Magazine Le Mensuel

Nº 2901 du vendredi 14 juin 2013

Presse étrangère

La sonnette d’alarme

Les titres de la presse internationale dressent un tableau noir de la situation du pays. Surenchère communautaire, antagonisme profond, marasme économique, les crises s’accumulent.
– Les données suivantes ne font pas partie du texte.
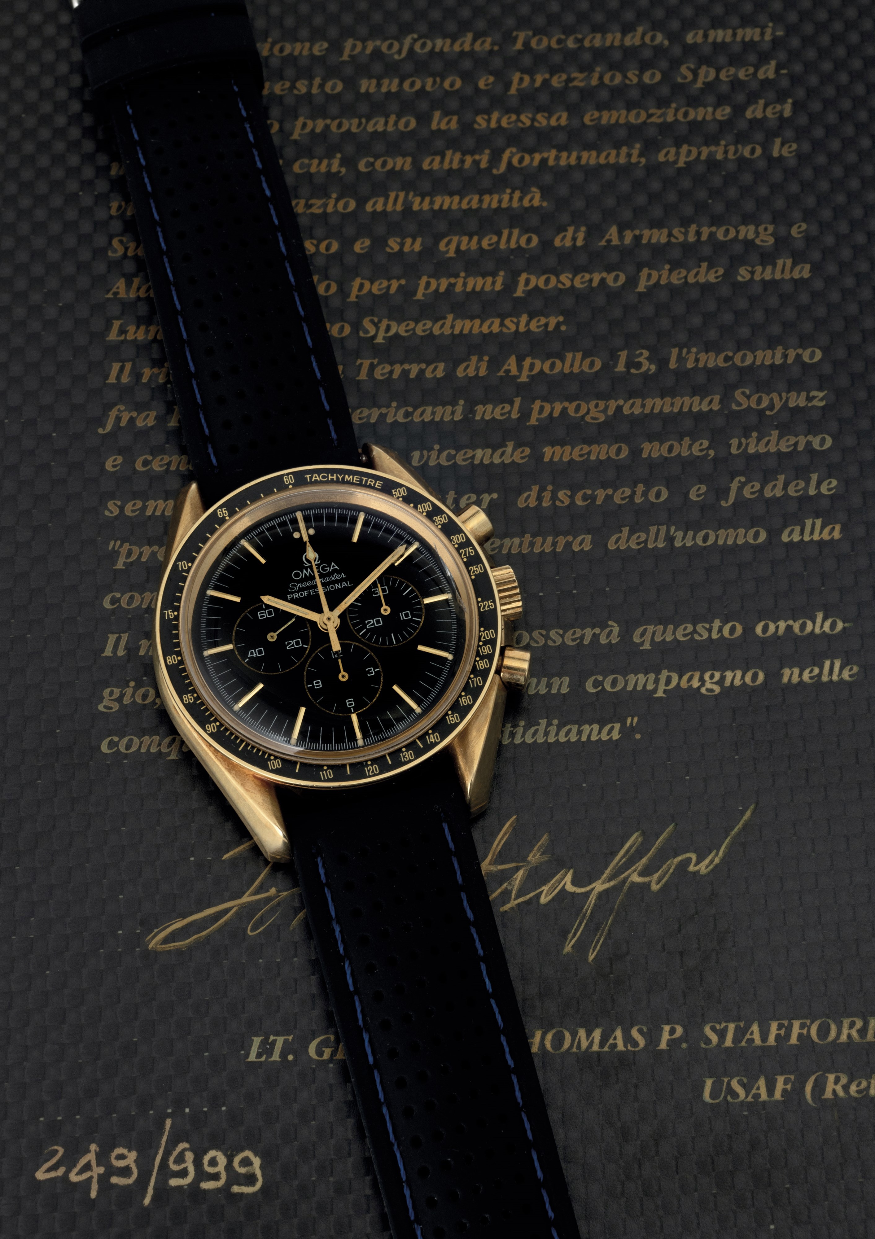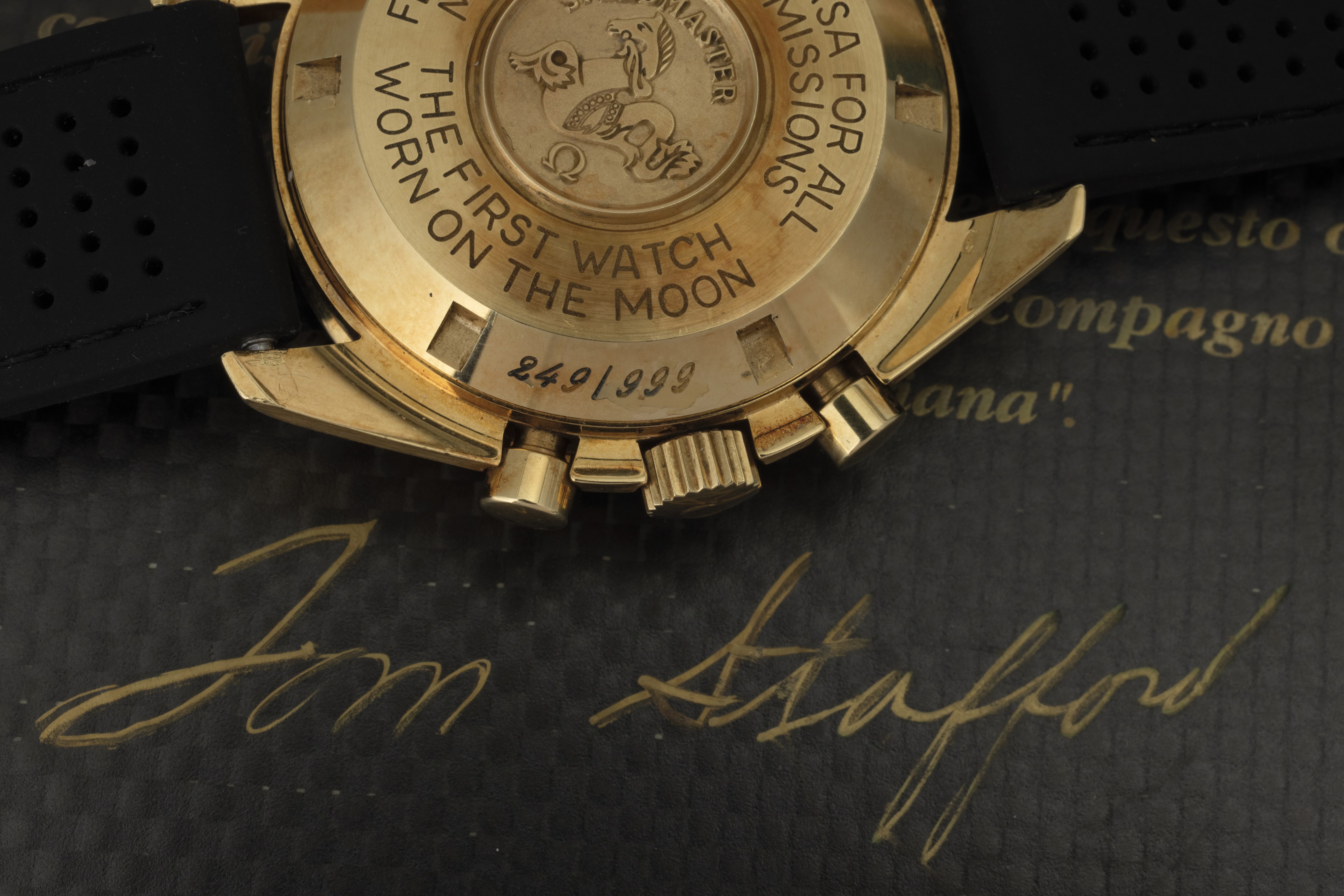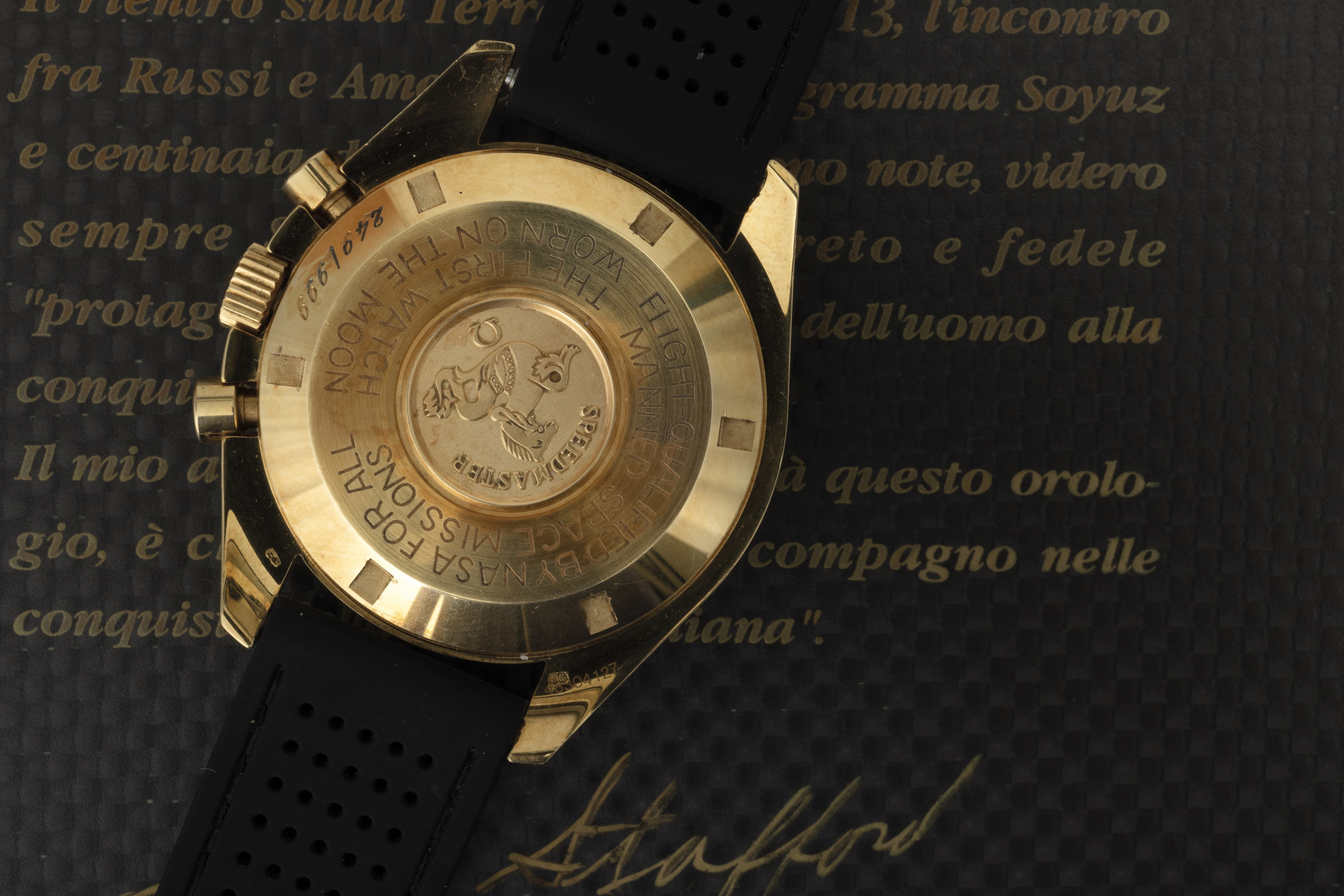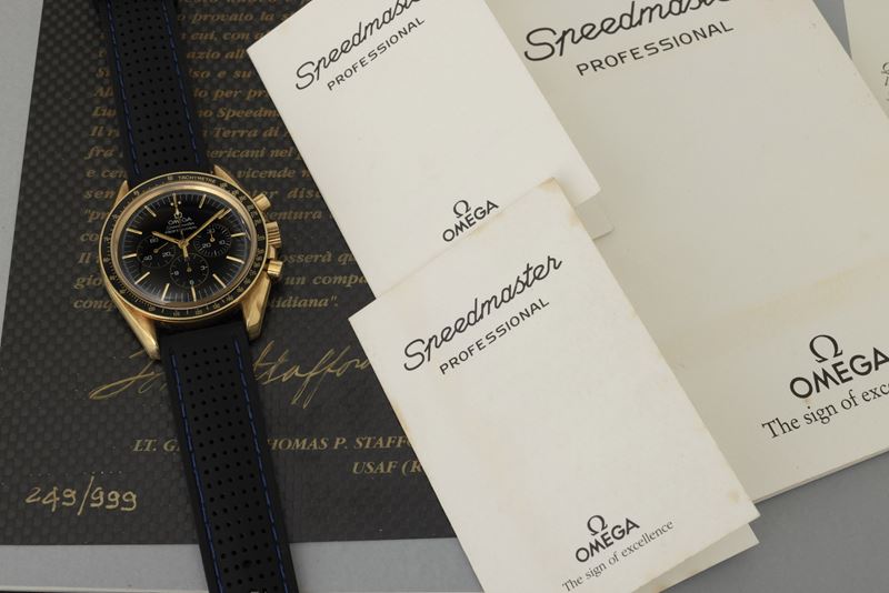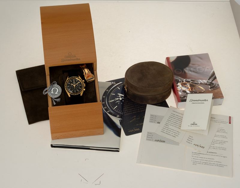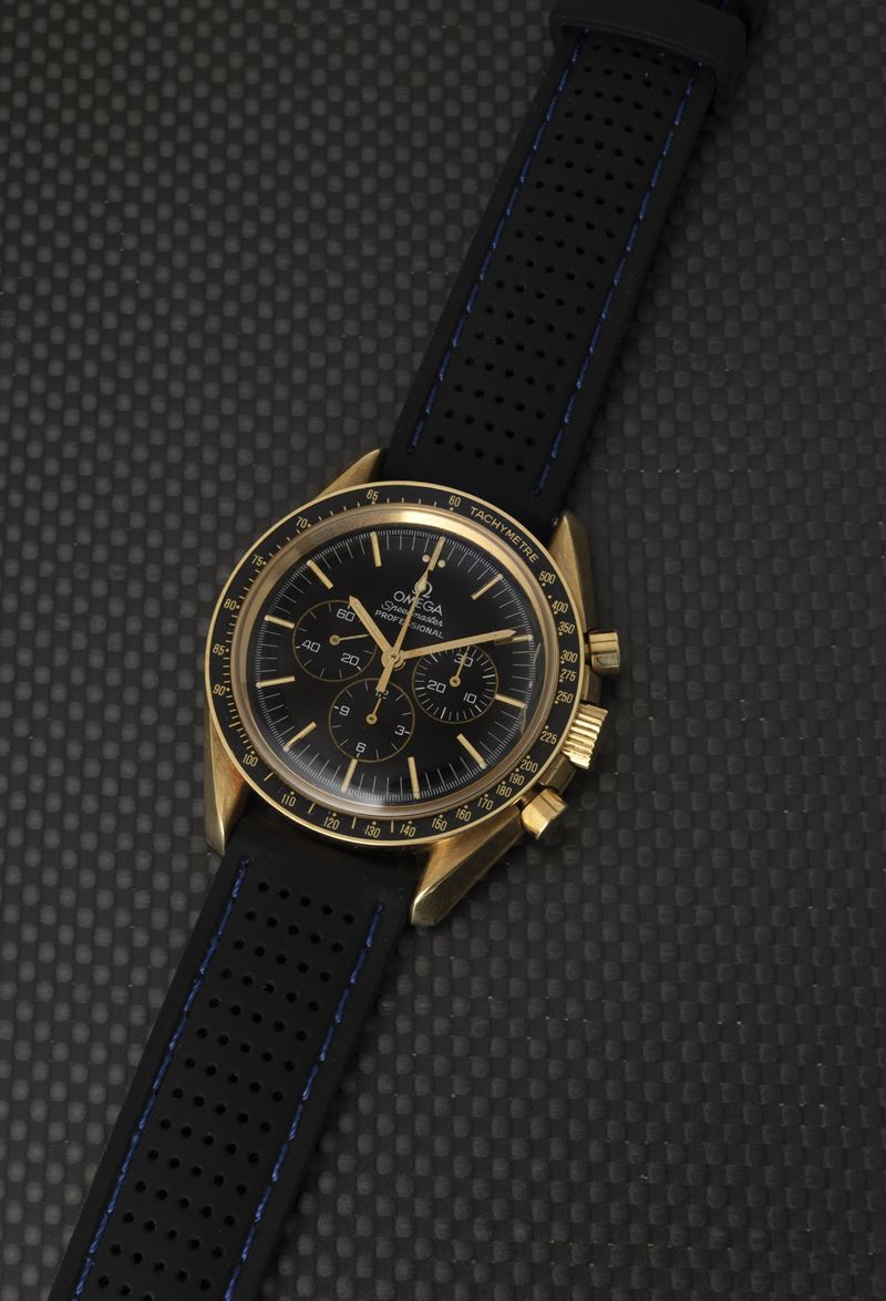In 1942 the first Omega chronographs equipped with the caliber 27 CHRO C12 were marketed, which later evolved and was later renamed caliber 321. As such it equipped several models, including all Speedmasters until 1968. Fifty years on, this 1992 limited edition pays tribute to it. The model, produced in 999 pieces, features a yellow gold case, caliber 863 and, for the first time in a Speedmaster, sapphire crystal. It came in a special wooden case. (Credit: Moonwatch Only, A. Marquié)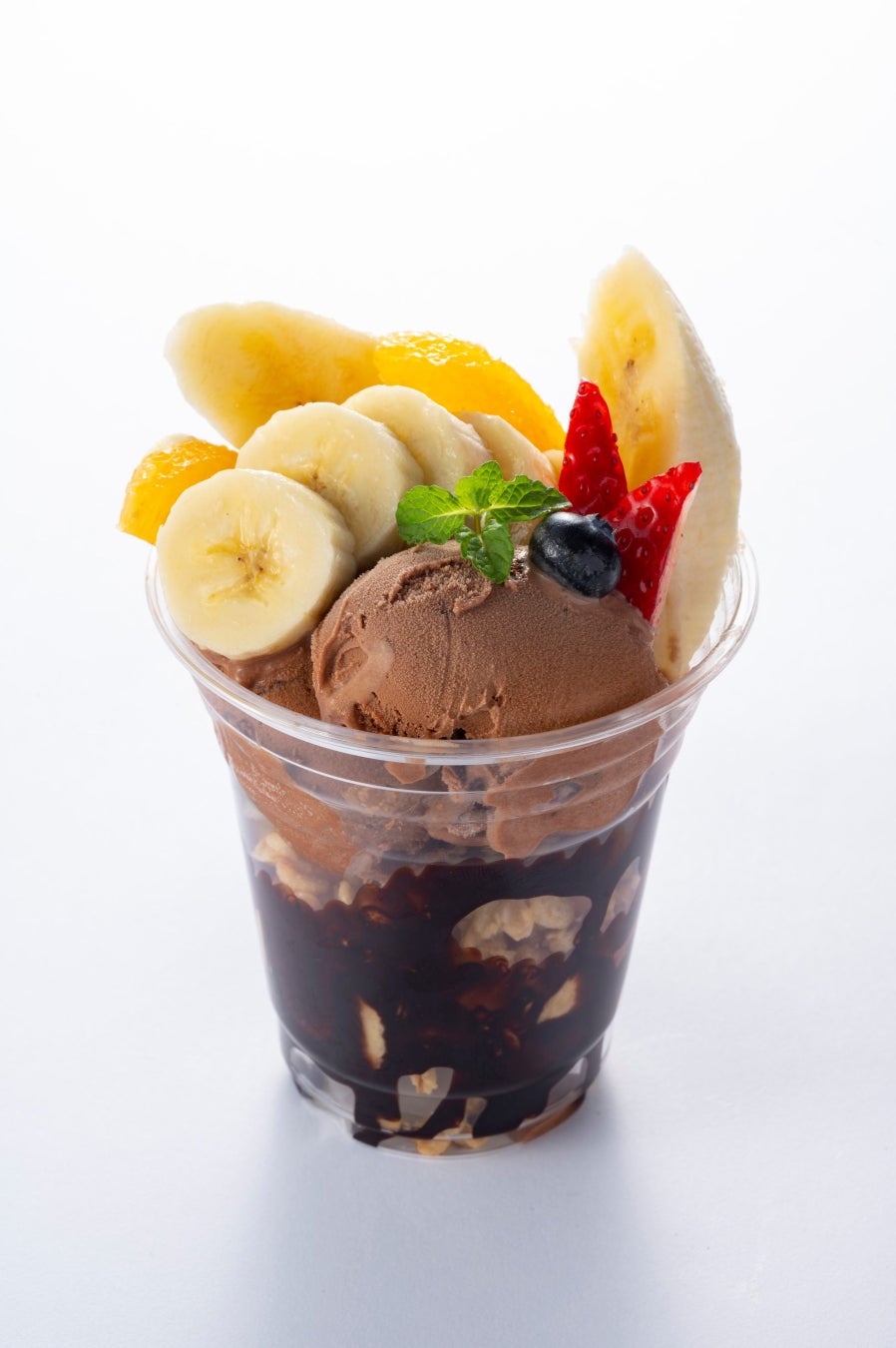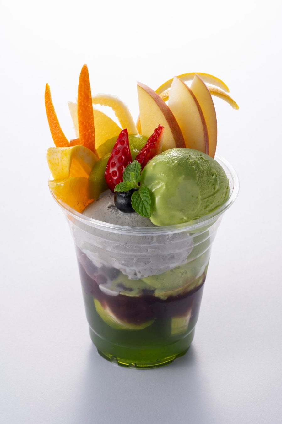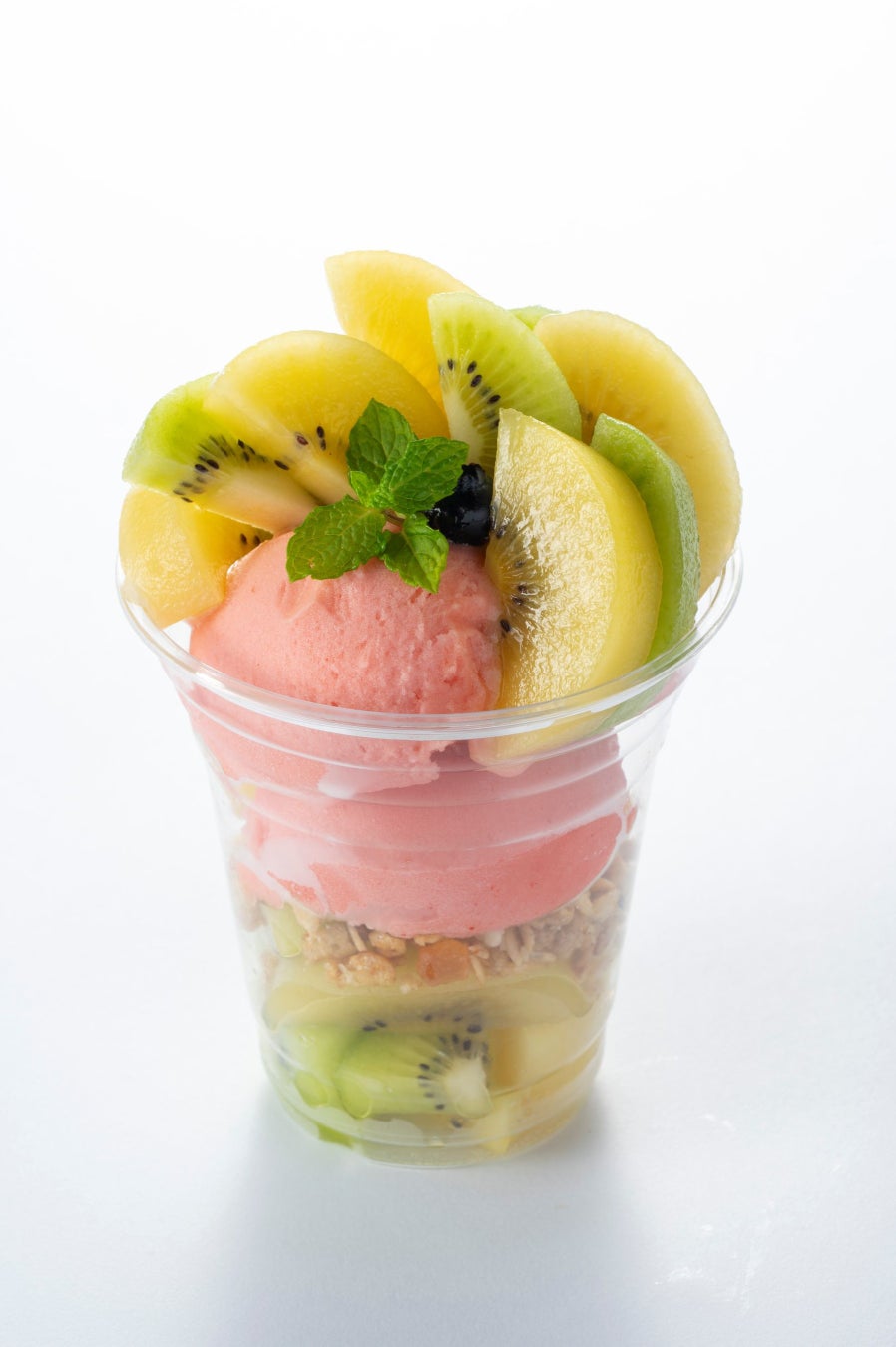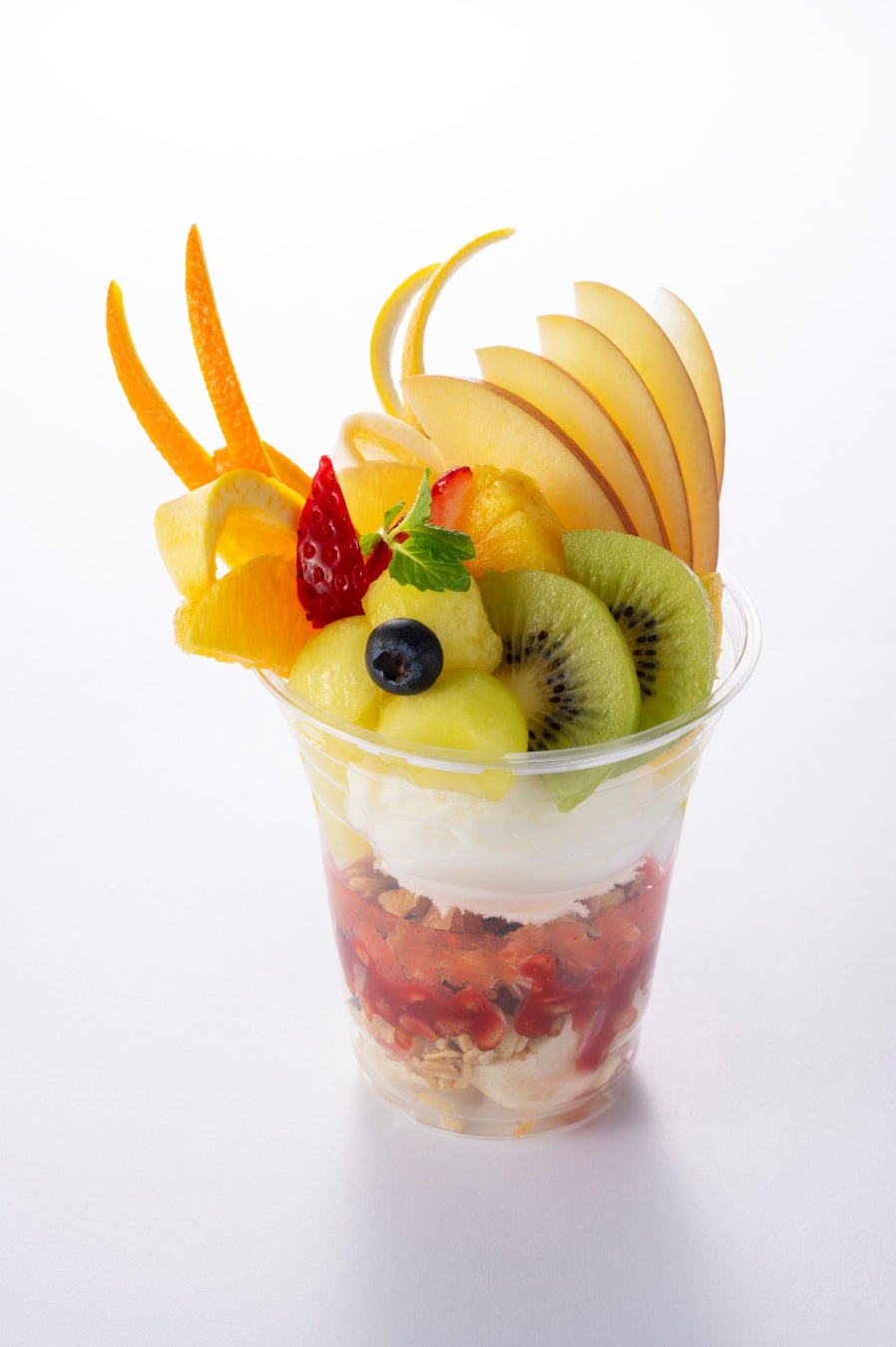 羽田エアポートガーデン店では、看板商品の「金澤パフェ」をはじめ、フルーツジュレやジェラート、カットフルーツなど、約30種類の商品を取り揃えます。さらに、フルーツジュース・ジェラート・カットフルーツを一度に楽しめる新商品も登場。旬の果物の美味しさをさまざまな形で味わっていただけます。

Une interview lourde de sens donnée par Jean-Louis Tauran à l’AFP et relayée par de nombreux médias comme le quotidien canadien Le Devoir. Extraits.
Le président français du Conseil pontifical pour le dialogue interreligieux Mgr Jean-Louis Tauran a exprimé dimanche son inquiétude quant à la situation des chrétiens au Liban. Ce pays va «payer la facture» du conflit syrien, «je l’ai dit depuis le début», a déclaré à l’AFP le cardinal Tauran, infatigable promoteur d’un dialogue Eglise-islam sans ambiguïtés, en référence au Pays du Cèdre. «Où vont les réfugiés: les chrétiens chez les chrétiens du Liban, les druzes chez les druzes du Liban, les alaouites chez des parents (au Liban)! Ce pays a déjà les problèmes des réfugiés palestiniens, de ceux de la guerre civile des années 80, maintenant ceux de Syrie», a ajouté l’ancien ministre des Affaires étrangères de Jean-Paul II, en s’inquiétant du développement de «milices de tous poils».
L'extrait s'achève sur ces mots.